To further elucidate the mechanism underlying the response of sunflower to drought stress, we analysed the expression of genes related to the two metabolic pathways mentioned above. A total of 15 genes were enriched in the ABA synthesis and signal transduction pathways in both the sienna 3 and navajo_white 2 modules. As shown in Fig. 9a, all these genes were upregulated in the leaves after 72 h of drought stress in K58. However, the expression of these genes did not significantly change in K55. The above results indicate that the strongly drought-tolerant germplasm K58 can synthesize ABA faster in response to drought stress after exposure to drought stress. While salmon 4 and coral 2 had a total of 20 genes enriched in starch and sucrose metabolic pathways, we found that most of the genes were downregulated after 72 h of drought stress, except for the genes Helianthus_annuus_newGene-7453 and LOC110929728 (Fig. 9b). By gene function annotation, we found severalsucrose synthases, indicating that drought stress has an effect on sucrose synthesis.

Fig. 9
figure 9

Metabolic network diagram in response to drought stress in sunflower. a ABA synthesis and signalling pathways. b Starch sucrose metabolic pathway

The cytoHubba plugin identified the top 50 central genes in the 4 modules (Fig. 10). Genes in the sienna3 module were mainly annotated for different functions, most of which were protein kinases. The genes in the salmon4 module were mainly novel genes and enzymes of unknown function, such as isoforms and reductases. Most of the genes in the navajowhite2 module are related to transcription factors and protein phosphatases, such as LOC110879426 (ABI5, belonging to the bZIP family) and LOC110899792 (SAPK3). The coral 2 module is mainly related to histones.

Fig. 10
figure 10

The top 50 genes in four main modules are calculated by MCC algorithm of cytohubba. a Top 50 genes in sienna 3module. b Top 50 genes in navajowhit 2 module. c Top 50 genes in salmon 4 module. d Top 50 genes in coral 2 module

Verification of RNA-seq data by RT‒qPCR

To verify the accuracy and reliability of the RNA-seq data, we performed quantitative real-time PCR (RT-qPCR) on 10 randomly selected genes (Fig. 11). As shown in the figure, the RNA-seq and RT-qPCR data showed high (90%) agreement in terms of the relative expression levels of the genes. These results indicate that the RNA-seq data are credible and accurate and can be used to identify candidate genes for further functional studies.

Fig. 11
figure 11

RT-qPCR analysis of 10 drought stress-associated DEGs in sunflower leaf and root samples at different stress time points. Bars with standard error indicate the average FPKM values of the samples at different stress time points. Scatter plots on the bars indicate the corresponding relative expression levels determined by RT-qPCR from three independent biological replicates using the 2−∆∆Ct method

Discussion

Sunflower plants are drought-resistant and nutrient deficient-tolerant because of their well-developed root system. However, since it is often grown in arid and semiarid regions of northern China [40], sunflower is often subject to water limitations during growth [41]. Therefore, breeding drought-resistant sunflower varieties is an effective way to overcome water limitations under drought conditions. In addition,screening sunflower drought- resistancerelated genes and isolating and characterizing them are the keys to revealing the molecular mechanism of drought resistance and improving the drought resistance of sunflower [42]. Previous studies have shown that the effect of drought on sunflower varies according to variety and tissue specificity. However, many studies have been conducted using only one genotypic material or a certain tissue of two genotypes. Studies combining the two are lacking, so elucidating the mechanisms of response to drought stress among different genotypes and different tissues of sunflower is lacking. We analysed the physiological changes in the seedling stage of sunflower plants under drought stress and the transcriptional profilesof sunflower seedlings under drought stress.

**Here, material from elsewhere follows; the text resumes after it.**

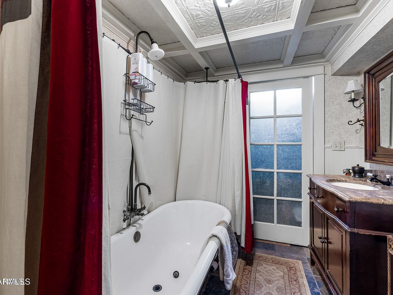This inviting bathroom features a classic clawfoot bathtub with elegant fixtures, perfect for relaxing after a long day. The room’s design is anchored by a coffered ceiling with intricate tin tiles, adding a touch of vintage charm and architectural interest. Warm wood tones from the vanity and mirror frame are complemented by the subtle wallpaper and white wainscoting, creating a harmonious balance between cozy and refined. A French-style frosted glass door allows plenty of natural light while preserving privacy. Practical storage solutions, like over-tub shower racks and wide countertops, make this space functional and family friendly.

Overall, the number of DEGs detected in K55 was greater than that in K58, indicating that drought-sensitive genotypes are more vulnerable or highly sensitive to drought stress at the molecular level than drought-tolerant genotypes. These findings are similar to those of drought stress response studies in other plants [43,44,45]. The reason may be that drought-sensitive genotypes undergo greater changes in physiological and biochemical traits and transcript levels when mitigating the effects of stress conditions compared to those of drought-tolerant lines [46].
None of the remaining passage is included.